Pezza v. Investors Capital Corp.
767 F. Supp. 2d 225
D. Mass.2011Background
- Pezza alleges retaliation under Sarbanes-Oxley Act whistleblower protections after raising concerns about defendants' securities transactions.
- Defendants contend Pezza's employment agreements require arbitration of disputes, including the SOX claim.
- Dodd-Frank Act § 922 bars predispute arbitration agreements for SOX whistleblower claims, enacted after Pezza filed suit.
- The question is whether § 922 retroactively bars arbitration for claims arising before its enactment.
- Proceedings involved a motion to compel arbitration; the court must decide retroactivity and jurisdictional effects.

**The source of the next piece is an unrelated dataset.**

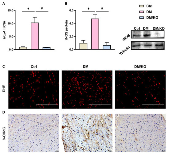 KO attenuated the DM-generated cardiac oxidative stress. (A) Nox4 mRNA levels. (B) iNOS protein levels. Tubulin and Rplp0 were used as endogenous controls for Western blot and qRT-PCR, respectively. (C) Representative microphotographs of DHE staining in heart sections in each group (Bar = 100 μm). (D) Immunohistochemical staining showed expression of 8-OHdG (Bar = 20 μm). The data were normalized to Ctrl and summarized as means ± SD. *, p < 0.05 vs. Ctrl; #, p < 0.05 vs. DM. Abbreviations: DHE, dihydroethidium; Nox4, NADPH oxidase 4; iNOS, inducible nitric oxide synthase; 8-OHdG, 8-hydroxy-2 deoxyguanosine. Other abbreviations are the same as Figure 1 and Figure 2.

- Court ultimately denies the motion to compel arbitration, finding § 922 retroactively applicable and subject-matter jurisdiction lies in court.
Issues
| Issue | Plaintiff's Argument | Defendant's Argument | Held |
|---|---|---|---|
| retroactivity of §922 | Pezza argues §922 applies retroactively to pre-enactment conduct. | Defendants contend no retroactive effect or clear temporal reach of §922. | Court finds no clear congressional intent against retroactivity; §922 applies to pre-enactment conduct. |
| jurisdiction and forum for claims | Court should hear the whistleblower claim; arbitration not required due to retroactive bar. | Arbitration should govern under the pre-existing agreement unless retroactivity overrides it. | Court concludes §922 overrides arbitration and retains subject-matter jurisdiction; denies motion to compel arbitration. |
Key Cases Cited
- Landgraf v. USI Film Prod., 511 U.S. 244 (1994) (framework for determining retroactivity)
- Fernandez-Vargas v. Gonzales, 548 U.S. 30 (2006) (presumption against retroactivity in statutory application)

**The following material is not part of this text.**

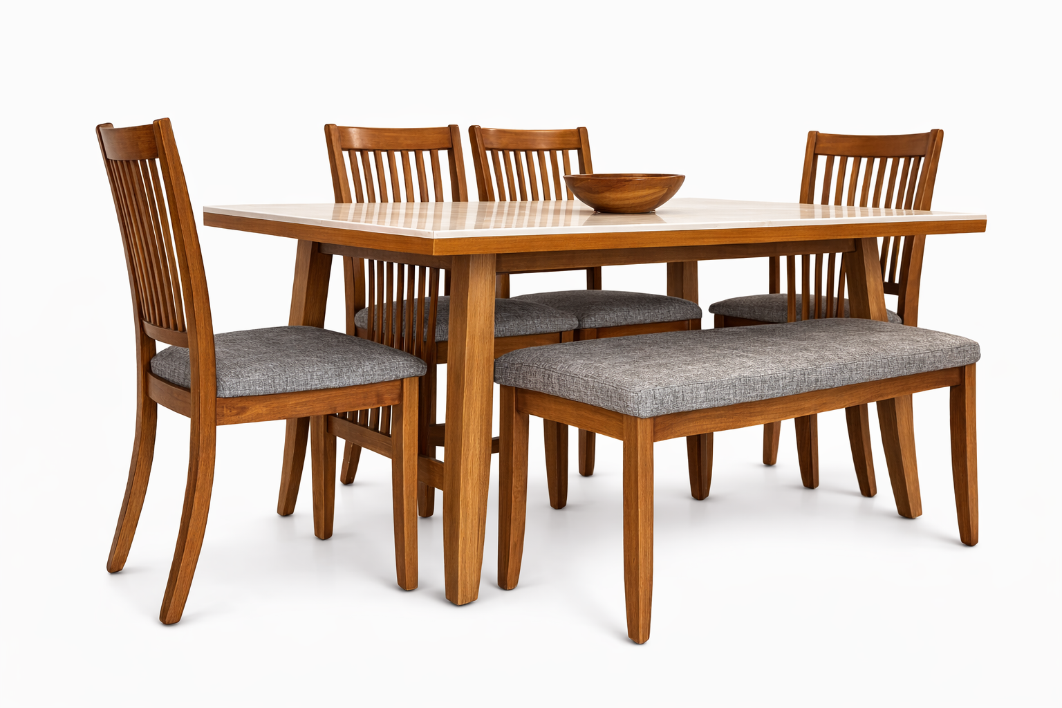Upgrade your home with a space saving premium modern dining set with 4 chairs and 1 bench in Ahmedabad. Stylish, durable & perfect for compact dining spaces.

- Preston v. Ferrer, 552 U.S. 346 (2008) (national policy favoring arbitration; limits retroactivity when not explicit)
- Lindh v. Murphy, 521 U.S. 320 (1997) (normal rules of construction for temporal reach of statutes)
- INS v. St. Cyr, 533 U.S. 289 (2001) (implicit indications of retroactivity and statutory application)
- Gilmer v. Interstate/Johnson Lane Corp., 500 U.S. 20 (1991) (arbitration does not undermine substantive rights under statutes)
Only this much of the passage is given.